The key to Shopper Marketing is that whilst the most important place to communicate to people about a product or service is clearly at the time that they are actively shopping or looking, this has not been traditionally the time (or media environment) that enjoys the majority of the communication budget. In short, too much energy has been spent building brands that people then either cannot find or that are overwhelmed by the competition once people get in store to buy.
Shopper marketing frequently requires a mindset shift in terms of the retail environment. Frequently we consider stores simply as places that product is put on display and therefore is sold. Shopper marketing extends the role of the store from simply ‘display space’ to make it a valuable and integral part of the marketing toolkit.

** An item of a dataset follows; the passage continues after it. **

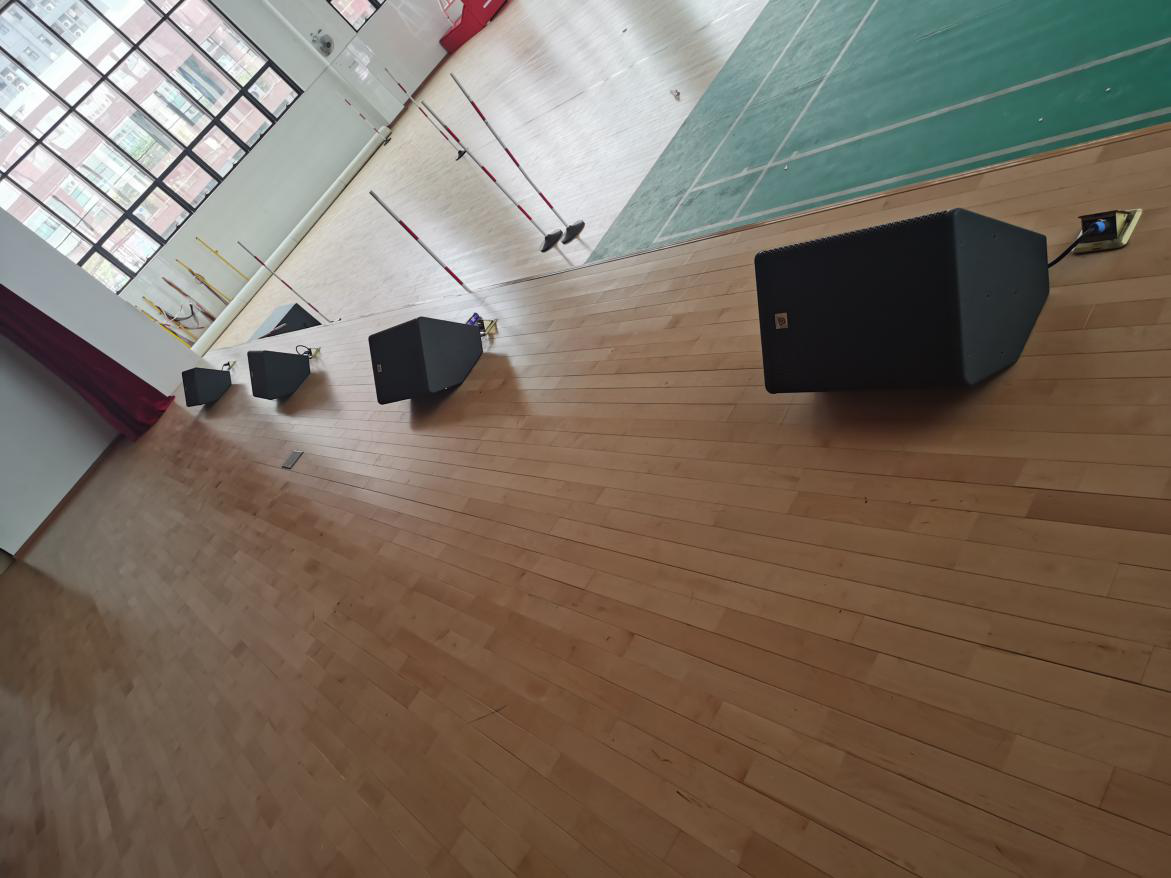 該擴(kuò)聲系統(tǒng)設(shè)計(jì)功能明確,以BAIANGDE TZ系列線陣為主擴(kuò)聲音箱,舞臺(tái)上方左右各4只TZ-210,搭配2只TZ-218S超低頻音箱使用,超低頻音箱擺放在舞臺(tái)前方左右兩側(cè),考慮到體育館深度的問題,為了保證聲音的均勻度,后場(chǎng)采用6只MT-12作為補(bǔ)聲音箱,每邊三只。整個(gè)擴(kuò)聲系統(tǒng)為觀眾帶來一個(gè)音質(zhì)真實(shí)、中高低頻層次豐富,動(dòng)態(tài)飽滿的擴(kuò)聲效果。 由于學(xué)校經(jīng)常有演出,考慮到表演人員能及時(shí)獲取現(xiàn)場(chǎng)演出效果而做出更好的調(diào)整和發(fā)揮,舞臺(tái)上則采用了4只MC-12作為返聽音箱,整體擴(kuò)聲充分考慮各區(qū)音質(zhì)效果,為觀眾建立了一個(gè)音質(zhì)真實(shí)清晰,動(dòng)態(tài)充沛有力的聽覺環(huán)境。

Shopper marketing, if done well, should involve the intelligent use of marketing from the very beginning of the sales process to the very end. Unfortunately, as marketing professionals, we tend to specialise in a particular aspect of marketing and therefore can only hope to provide a small part of the expertise that is necessary to truly embrace and action Shopper Marketing. Promotional Marketing companies tend to be at an advantage here because they probably have the widest set of skills appropriate – but even they need to step back and look for the new opportunities that present themselves. For instance, one of the most common problems in FMCG marketing is that supermarkets tend to lay their stores out as a reflection of the buying departments that supply them, whether or not the consumer is interested in shopping that way, or associating those products in the same way. For example, what are ‘Morning Goods’? Supermarkets have Morning Goods buyers who lay their produce out in the same area of the store. Consumers don’t navigate their way according to that category. Why is chilled pastry next to the butter? Why isn’t gravy next to the meat? Helping your clients to help the retailers to get these basics right is fundamental and an important part of Shopper Marketing.
Shoppers need to be understood in terms of what their needs as a shopper are, where they are likely to shop, in which stores they can be influenced and what in-store activity influences them. Unilever defines a shopper insight - an insight upon which shopper marketing is based - as a "focus on the process that takes place between that first thought the consumer has about purchasing an item, all the way through the selection of that item”.
Shopper marketing challenges the assumption that the shopper and the consumer are the same. Despite the fact that this is not always true (consider the consumer and shopper of pet food for a moment) it is clear that the industry still gets confused. Shopper marketing also recognises the fact that the same shopper will behave differently in different retailers – even when buying from the same category.
Shopper marketing is important for many reasons, but it is clearly of importance to manufacturers if for no other reason than they spend vast amounts of money on it, and that these amounts are increasing. Many organizations spend over 8% of total sales on in-store marketing; when total trade spend is added up it can often top 40% of total revenue.
A significant factor in the rise of shopper marketing is the availability of high quality data from which insights may be gleaned to help shape strategic plans. According to recent industry studies, manufacturer investment in shopper marketing is growing at more than 21% annually – faster than any other part of marketing.